A systematic literature search from 1990 until July 2013. The main outcome was to evaluate the impact of obesity on survival in adult LT recipients. Dochotomous outcomes were reported as relative risk (RR) with 95% confidence intervals (CI).

Results:

Thirteen studies with a total 2275 obese and 72 212 non obese patients were included in the analysis. The combined analysis showed no difference in mortality between control and increased weight patients (RR = 0.97, 95% CI [0.82, 1.13], P = 0.66) at last follow-up.

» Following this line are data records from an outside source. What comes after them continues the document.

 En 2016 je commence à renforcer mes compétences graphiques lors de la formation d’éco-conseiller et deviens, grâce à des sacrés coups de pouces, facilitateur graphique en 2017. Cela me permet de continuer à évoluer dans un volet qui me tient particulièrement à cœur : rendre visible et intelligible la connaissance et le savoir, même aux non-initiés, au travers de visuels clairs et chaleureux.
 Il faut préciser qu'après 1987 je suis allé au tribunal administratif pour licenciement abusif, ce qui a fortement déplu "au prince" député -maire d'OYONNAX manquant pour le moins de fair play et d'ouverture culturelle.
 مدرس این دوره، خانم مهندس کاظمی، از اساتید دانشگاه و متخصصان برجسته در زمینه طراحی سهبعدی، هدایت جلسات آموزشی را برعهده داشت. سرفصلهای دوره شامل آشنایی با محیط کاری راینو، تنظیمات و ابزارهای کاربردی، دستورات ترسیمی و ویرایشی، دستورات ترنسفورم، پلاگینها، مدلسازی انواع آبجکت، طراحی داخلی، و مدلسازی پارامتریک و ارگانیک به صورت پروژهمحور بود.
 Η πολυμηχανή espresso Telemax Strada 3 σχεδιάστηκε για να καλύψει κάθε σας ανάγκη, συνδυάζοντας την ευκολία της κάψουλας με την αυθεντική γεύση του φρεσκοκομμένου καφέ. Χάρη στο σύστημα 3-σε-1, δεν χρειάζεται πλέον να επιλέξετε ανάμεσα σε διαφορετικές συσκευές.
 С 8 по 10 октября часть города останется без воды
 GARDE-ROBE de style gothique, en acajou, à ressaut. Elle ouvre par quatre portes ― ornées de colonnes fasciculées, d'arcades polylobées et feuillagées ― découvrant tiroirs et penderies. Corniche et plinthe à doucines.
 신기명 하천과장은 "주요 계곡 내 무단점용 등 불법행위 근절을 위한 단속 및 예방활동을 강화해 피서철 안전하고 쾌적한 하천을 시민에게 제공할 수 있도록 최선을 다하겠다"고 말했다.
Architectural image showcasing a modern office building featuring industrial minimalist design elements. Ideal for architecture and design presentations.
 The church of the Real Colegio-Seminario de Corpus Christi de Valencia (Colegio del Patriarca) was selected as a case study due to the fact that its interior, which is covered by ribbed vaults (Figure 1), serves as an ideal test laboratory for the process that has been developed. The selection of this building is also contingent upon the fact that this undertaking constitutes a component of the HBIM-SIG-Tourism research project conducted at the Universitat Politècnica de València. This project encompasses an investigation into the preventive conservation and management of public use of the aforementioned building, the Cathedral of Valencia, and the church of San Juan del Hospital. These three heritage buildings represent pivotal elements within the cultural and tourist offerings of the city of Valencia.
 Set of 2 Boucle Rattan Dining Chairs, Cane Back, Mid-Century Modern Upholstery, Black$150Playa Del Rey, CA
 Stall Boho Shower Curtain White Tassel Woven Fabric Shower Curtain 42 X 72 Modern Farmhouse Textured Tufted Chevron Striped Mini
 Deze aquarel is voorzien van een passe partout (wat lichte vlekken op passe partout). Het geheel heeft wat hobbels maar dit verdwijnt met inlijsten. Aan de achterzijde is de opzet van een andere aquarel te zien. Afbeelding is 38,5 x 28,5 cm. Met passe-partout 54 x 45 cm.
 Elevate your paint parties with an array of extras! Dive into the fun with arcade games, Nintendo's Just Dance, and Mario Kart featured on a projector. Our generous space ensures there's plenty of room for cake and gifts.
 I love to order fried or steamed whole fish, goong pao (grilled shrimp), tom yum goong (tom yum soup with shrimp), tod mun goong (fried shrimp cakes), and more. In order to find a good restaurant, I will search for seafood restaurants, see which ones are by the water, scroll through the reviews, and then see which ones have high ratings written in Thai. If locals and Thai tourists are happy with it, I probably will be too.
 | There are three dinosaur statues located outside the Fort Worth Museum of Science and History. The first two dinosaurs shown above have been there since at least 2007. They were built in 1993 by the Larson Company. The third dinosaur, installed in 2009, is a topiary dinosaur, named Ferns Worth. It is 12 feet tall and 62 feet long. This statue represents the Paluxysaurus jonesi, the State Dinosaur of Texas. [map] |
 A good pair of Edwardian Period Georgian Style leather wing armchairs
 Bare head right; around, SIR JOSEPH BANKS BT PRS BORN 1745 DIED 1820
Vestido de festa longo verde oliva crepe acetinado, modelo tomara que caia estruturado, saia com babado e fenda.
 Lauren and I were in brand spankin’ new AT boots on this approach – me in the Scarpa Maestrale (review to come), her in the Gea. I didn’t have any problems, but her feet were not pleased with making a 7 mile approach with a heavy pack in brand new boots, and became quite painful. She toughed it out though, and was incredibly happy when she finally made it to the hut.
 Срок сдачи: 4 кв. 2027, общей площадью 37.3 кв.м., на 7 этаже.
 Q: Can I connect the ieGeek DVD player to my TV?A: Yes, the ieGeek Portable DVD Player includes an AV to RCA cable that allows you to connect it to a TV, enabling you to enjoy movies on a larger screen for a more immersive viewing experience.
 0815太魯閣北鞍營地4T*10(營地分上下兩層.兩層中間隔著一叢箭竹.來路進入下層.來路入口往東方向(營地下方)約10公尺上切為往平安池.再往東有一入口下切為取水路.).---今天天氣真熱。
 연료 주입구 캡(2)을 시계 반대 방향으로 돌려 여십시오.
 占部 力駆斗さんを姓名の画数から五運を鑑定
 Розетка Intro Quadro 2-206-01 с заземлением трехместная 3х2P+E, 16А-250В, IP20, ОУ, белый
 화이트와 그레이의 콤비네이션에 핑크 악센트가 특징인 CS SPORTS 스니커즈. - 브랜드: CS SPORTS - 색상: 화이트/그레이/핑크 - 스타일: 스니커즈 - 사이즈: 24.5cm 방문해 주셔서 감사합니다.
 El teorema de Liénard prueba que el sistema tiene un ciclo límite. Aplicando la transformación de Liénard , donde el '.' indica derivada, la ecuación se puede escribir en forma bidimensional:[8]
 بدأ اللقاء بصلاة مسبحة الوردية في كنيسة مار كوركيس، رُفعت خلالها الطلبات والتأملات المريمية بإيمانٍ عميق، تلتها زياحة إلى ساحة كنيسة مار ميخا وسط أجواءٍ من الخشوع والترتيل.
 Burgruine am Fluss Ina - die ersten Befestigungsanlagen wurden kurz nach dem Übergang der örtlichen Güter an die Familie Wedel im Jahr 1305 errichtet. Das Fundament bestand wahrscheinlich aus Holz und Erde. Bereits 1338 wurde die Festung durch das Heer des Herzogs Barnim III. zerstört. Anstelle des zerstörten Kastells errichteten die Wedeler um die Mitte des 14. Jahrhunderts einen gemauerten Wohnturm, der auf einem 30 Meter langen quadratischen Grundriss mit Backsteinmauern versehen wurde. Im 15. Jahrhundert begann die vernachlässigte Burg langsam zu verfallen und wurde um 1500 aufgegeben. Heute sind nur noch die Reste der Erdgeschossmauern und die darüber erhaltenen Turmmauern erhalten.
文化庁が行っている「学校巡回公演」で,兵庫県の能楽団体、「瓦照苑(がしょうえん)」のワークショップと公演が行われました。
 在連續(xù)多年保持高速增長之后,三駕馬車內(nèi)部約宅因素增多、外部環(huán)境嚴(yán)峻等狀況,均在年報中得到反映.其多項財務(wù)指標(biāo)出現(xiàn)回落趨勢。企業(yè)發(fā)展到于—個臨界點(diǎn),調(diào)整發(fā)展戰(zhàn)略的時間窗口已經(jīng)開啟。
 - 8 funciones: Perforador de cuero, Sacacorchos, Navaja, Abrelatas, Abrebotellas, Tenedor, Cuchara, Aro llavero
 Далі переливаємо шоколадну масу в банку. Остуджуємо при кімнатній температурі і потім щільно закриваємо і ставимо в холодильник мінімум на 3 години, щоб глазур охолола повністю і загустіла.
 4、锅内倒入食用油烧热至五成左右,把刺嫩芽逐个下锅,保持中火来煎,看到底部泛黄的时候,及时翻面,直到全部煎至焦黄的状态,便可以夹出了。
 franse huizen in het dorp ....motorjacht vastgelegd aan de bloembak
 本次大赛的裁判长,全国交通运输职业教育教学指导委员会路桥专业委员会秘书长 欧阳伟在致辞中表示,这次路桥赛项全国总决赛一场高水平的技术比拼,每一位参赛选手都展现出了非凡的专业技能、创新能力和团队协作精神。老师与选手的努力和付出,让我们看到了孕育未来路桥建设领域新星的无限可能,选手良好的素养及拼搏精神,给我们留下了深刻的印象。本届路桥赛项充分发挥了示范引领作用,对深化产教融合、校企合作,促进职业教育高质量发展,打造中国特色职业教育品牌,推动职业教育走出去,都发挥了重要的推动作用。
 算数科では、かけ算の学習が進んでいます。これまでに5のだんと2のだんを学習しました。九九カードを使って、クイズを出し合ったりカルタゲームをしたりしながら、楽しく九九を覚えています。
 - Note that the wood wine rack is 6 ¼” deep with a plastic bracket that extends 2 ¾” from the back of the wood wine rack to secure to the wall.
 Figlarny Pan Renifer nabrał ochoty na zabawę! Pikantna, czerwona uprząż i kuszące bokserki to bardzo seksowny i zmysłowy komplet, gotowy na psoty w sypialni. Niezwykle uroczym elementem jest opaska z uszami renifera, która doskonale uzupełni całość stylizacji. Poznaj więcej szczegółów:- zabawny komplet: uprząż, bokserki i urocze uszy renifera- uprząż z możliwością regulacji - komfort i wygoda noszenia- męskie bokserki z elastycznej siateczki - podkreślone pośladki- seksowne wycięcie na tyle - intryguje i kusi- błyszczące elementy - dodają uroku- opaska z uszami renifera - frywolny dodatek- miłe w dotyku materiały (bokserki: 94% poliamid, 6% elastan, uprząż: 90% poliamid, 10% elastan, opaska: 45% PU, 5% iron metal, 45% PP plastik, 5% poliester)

Moreover, no differences in mortality were noted in subgroup analysis comparing different BMI thresholds. There was also no differences in survival when BMI was adjusted for ascites or in studies where the liver disease severity was similar. Obese patients had worse survival than nonobese patients in pooled analysis of studies which had similar causes of liver disease (RR = 0.69, 95% CI [0.52, 0.92], P = 0.01).

Conclusion:

The results of our pools analysis suggest that BMI does not specifically impact patient survival. However, obese patients have worse survival when analysis was performed in studies whose cohorts of obese and nonobese patients had similar causes of liver disease.